When `compute_area(35)` is executed, it produces an error message: `...object 'height' not found`. In the code body of `compute_area`, we refer to an entity `height`. Since that entity is not surrounded by double-quotes, R expects to find a variable named **height** existing in the environment, and no such variable exists, because we have neither created one directly (with an assignment statement) nor passed one in as an argument to the function. 

In the same line of code, we also refer to an entity `width`. Note that R does not complain about being unable to find `width`. That is because we defined an input argument called **width**. 

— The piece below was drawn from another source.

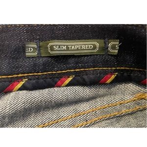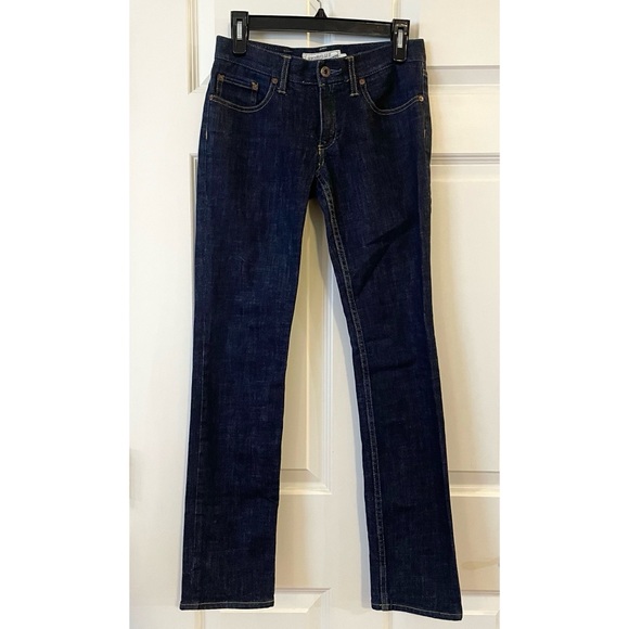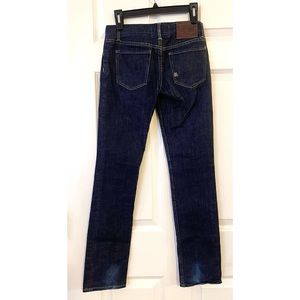 Description: Slim, dark wash jeans. No Stretch.

1. How would you modify function `compute_area` to eliminate the error?
2. How would this change the form of the call to `compute_area`?


### Taking your time

Traditionally, new programmers find the syntax of argument passing *extremely* confusing. There are too many interacting parts: we have variable names in the declaration, variables used in the code body, and values passed in the call. At first exposure, it can be unclear how all these parts work together. If this is the first time you have seen this syntax, take some time to experiment with it to solidify your understanding. Make up some simple user defined functions of your own to practice managing input data.


## Getting output from a function

In all of our examples so far, we have used a print statement to show the result of the function's computation. This is, of course, not adequate in real programming, as a print statement simply writes to the console. The computed value is not available for use later in our script. We want to be able to save the result of a function into a variable, as we have done with the built-in functions we have used earlier in the course. For example, we have said `x <- sqrt(22)`, creating a variable called *x* that stores the square root of 22. We could then use `x` in subsequent computations, as needed.

When a function makes its result available for storage, we say it is **returning** its result. The command `sqrt(22)` **returns** the square root of 22, and we can store it in a variable using the assignment statement.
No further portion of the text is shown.